• **Exercise data**
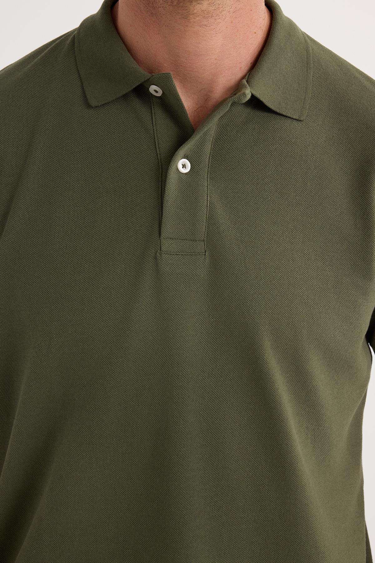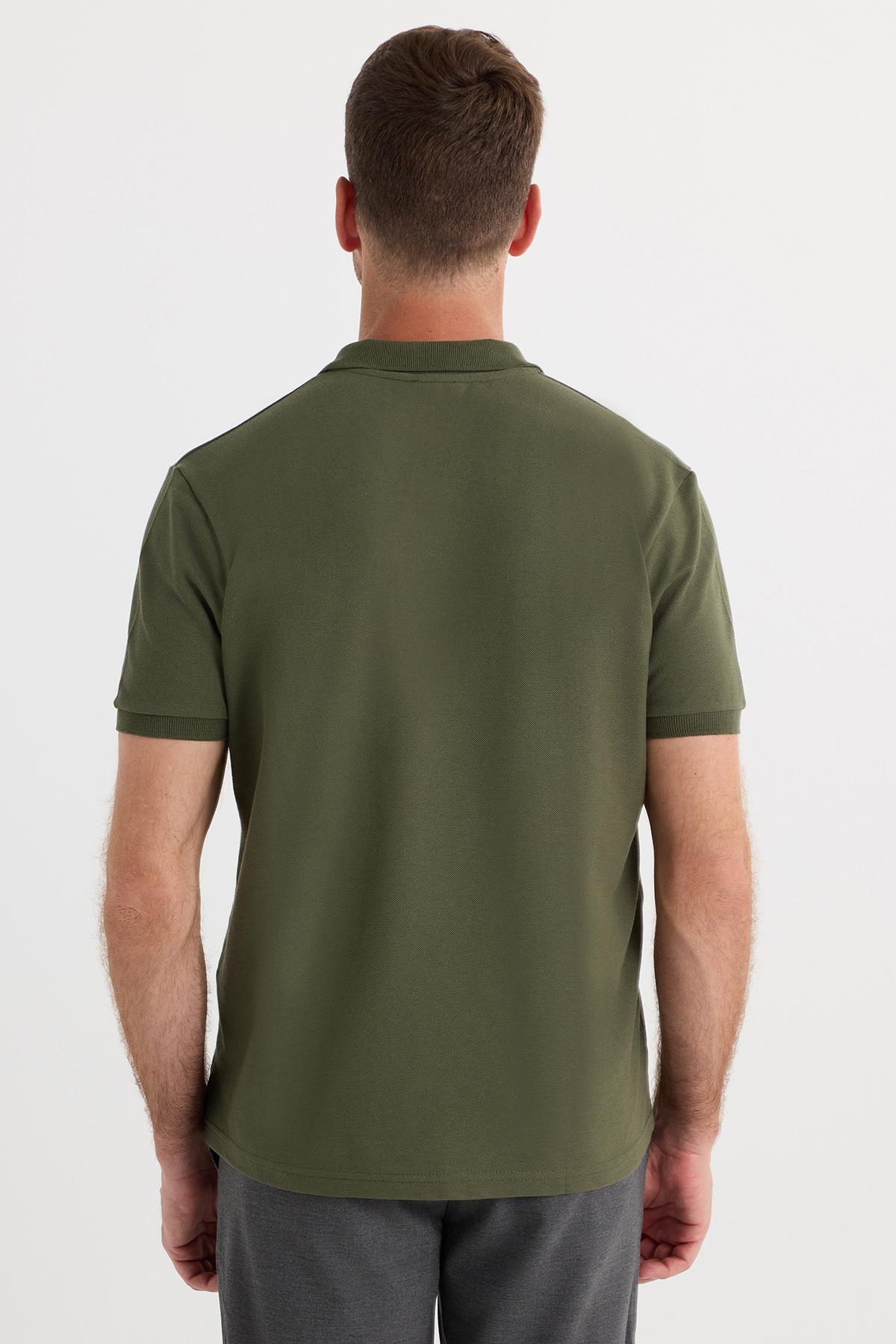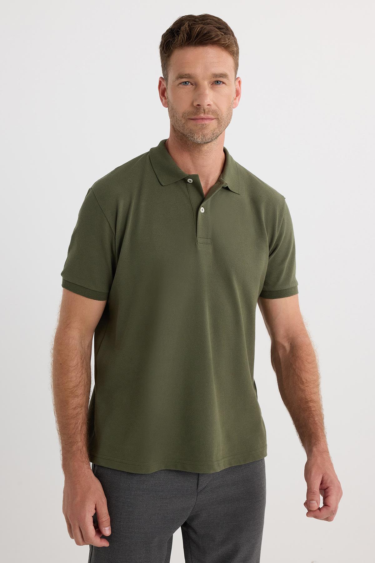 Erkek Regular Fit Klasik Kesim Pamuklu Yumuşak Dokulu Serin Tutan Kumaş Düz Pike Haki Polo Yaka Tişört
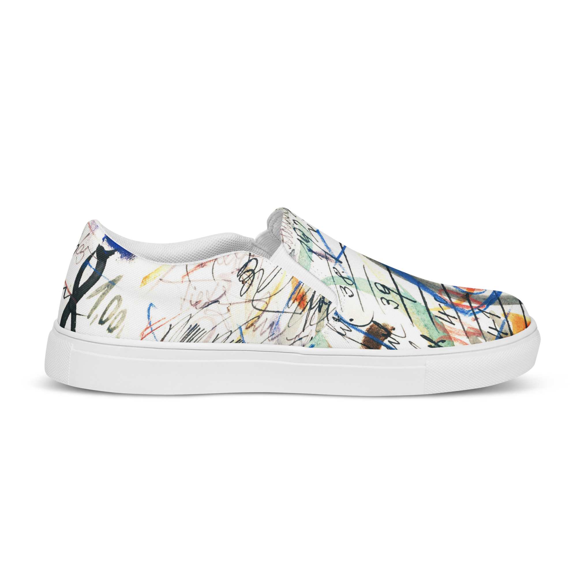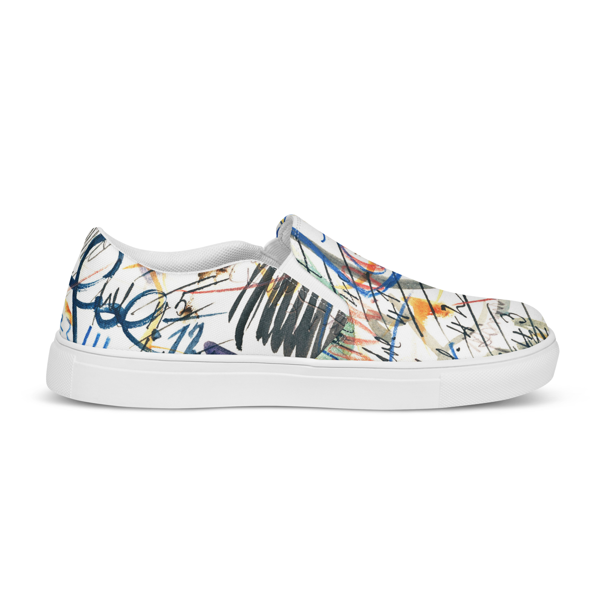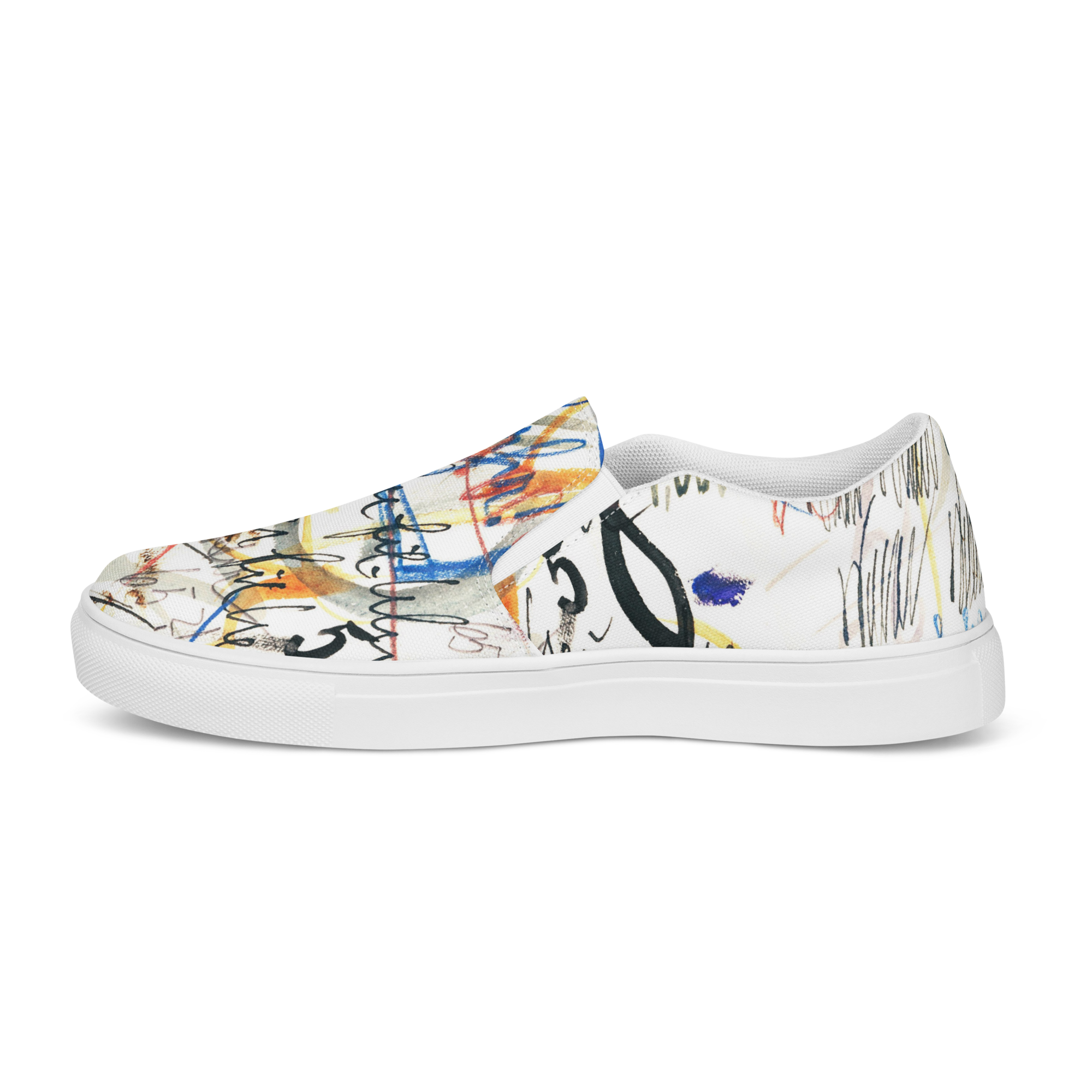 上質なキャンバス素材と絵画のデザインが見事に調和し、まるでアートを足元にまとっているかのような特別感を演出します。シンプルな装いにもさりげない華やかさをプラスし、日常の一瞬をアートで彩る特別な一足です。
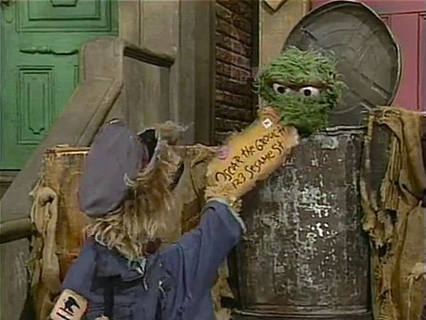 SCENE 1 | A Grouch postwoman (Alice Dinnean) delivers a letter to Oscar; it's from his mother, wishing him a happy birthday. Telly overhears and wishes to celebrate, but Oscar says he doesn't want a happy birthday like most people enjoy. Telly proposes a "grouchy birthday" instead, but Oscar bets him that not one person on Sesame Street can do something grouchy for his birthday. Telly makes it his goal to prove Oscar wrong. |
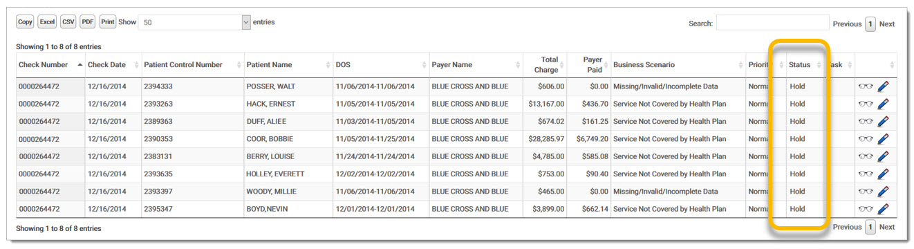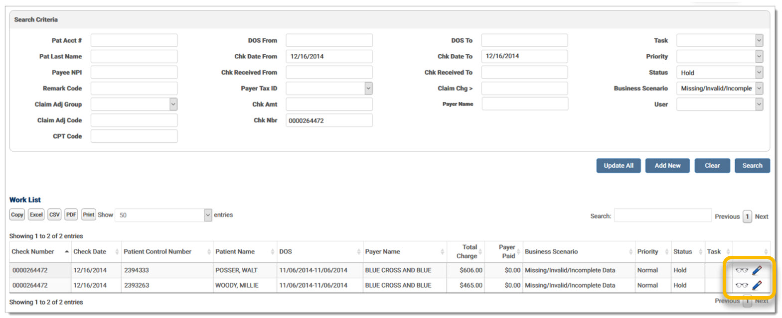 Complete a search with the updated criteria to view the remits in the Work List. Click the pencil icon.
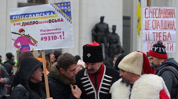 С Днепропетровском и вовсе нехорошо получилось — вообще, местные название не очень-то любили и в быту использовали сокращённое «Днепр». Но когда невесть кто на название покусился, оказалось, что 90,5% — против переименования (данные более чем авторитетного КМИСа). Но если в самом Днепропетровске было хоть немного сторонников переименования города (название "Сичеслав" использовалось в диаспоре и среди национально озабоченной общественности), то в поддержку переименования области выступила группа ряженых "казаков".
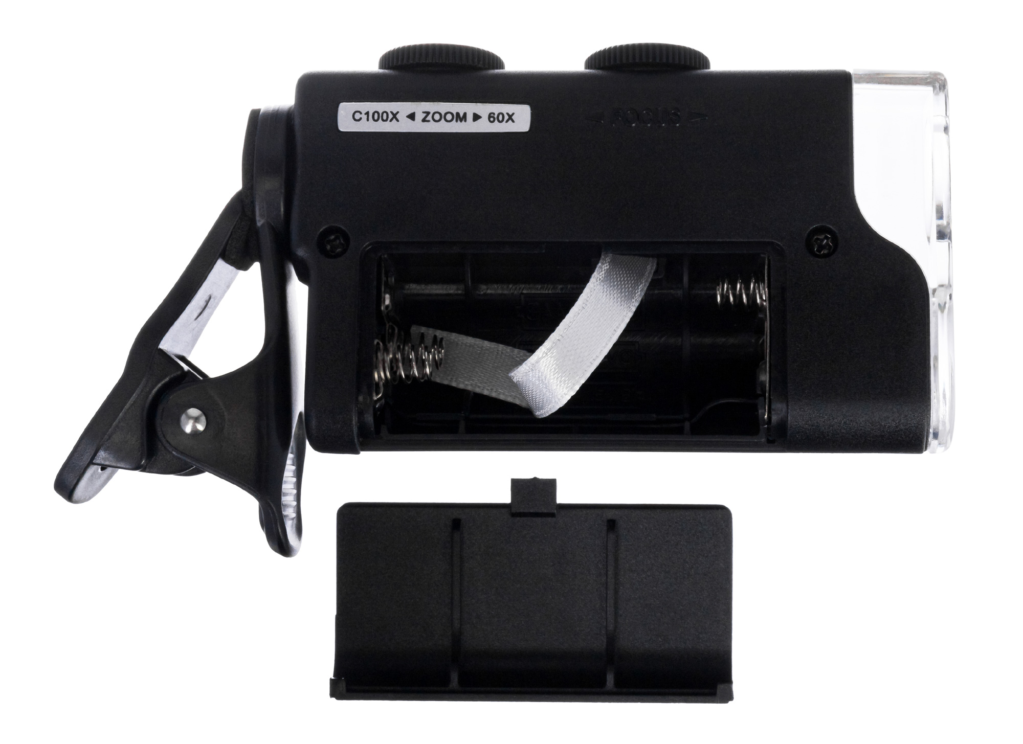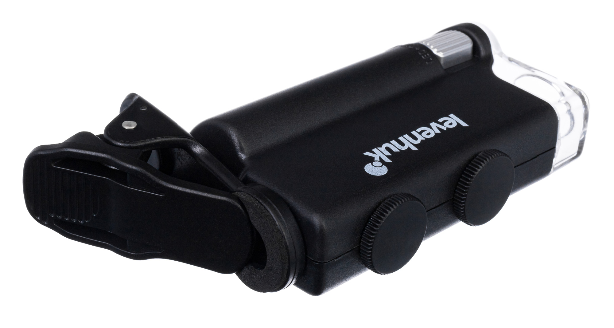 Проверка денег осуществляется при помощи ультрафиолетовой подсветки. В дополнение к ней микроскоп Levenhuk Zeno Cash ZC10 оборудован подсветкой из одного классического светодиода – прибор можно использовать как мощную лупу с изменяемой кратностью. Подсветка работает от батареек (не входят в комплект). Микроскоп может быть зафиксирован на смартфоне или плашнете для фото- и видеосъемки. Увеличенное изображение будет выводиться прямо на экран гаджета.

• **Exercise brief**
Leaving the pictures out, give again word for word each line from the one holding "SCENE 1 | A" through the end of the records.

• **Task answer**
 SCENE 1 | A Grouch postwoman (Alice Dinnean) delivers a letter to Oscar; it's from his mother, wishing him a happy birthday. Telly overhears and wishes to celebrate, but Oscar says he doesn't want a happy birthday like most people enjoy. Telly proposes a "grouchy birthday" instead, but Oscar bets him that not one person on Sesame Street can do something grouchy for his birthday. Telly makes it his goal to prove Oscar wrong. |
 Complete a search with the updated criteria to view the remits in the Work List. Click the pencil icon.
 С Днепропетровском и вовсе нехорошо получилось — вообще, местные название не очень-то любили и в быту использовали сокращённое «Днепр». Но когда невесть кто на название покусился, оказалось, что 90,5% — против переименования (данные более чем авторитетного КМИСа). Но если в самом Днепропетровске было хоть немного сторонников переименования города (название "Сичеслав" использовалось в диаспоре и среди национально озабоченной общественности), то в поддержку переименования области выступила группа ряженых "казаков".
 Проверка денег осуществляется при помощи ультрафиолетовой подсветки. В дополнение к ней микроскоп Levenhuk Zeno Cash ZC10 оборудован подсветкой из одного классического светодиода – прибор можно использовать как мощную лупу с изменяемой кратностью. Подсветка работает от батареек (не входят в комплект). Микроскоп может быть зафиксирован на смартфоне или плашнете для фото- и видеосъемки. Увеличенное изображение будет выводиться прямо на экран гаджета.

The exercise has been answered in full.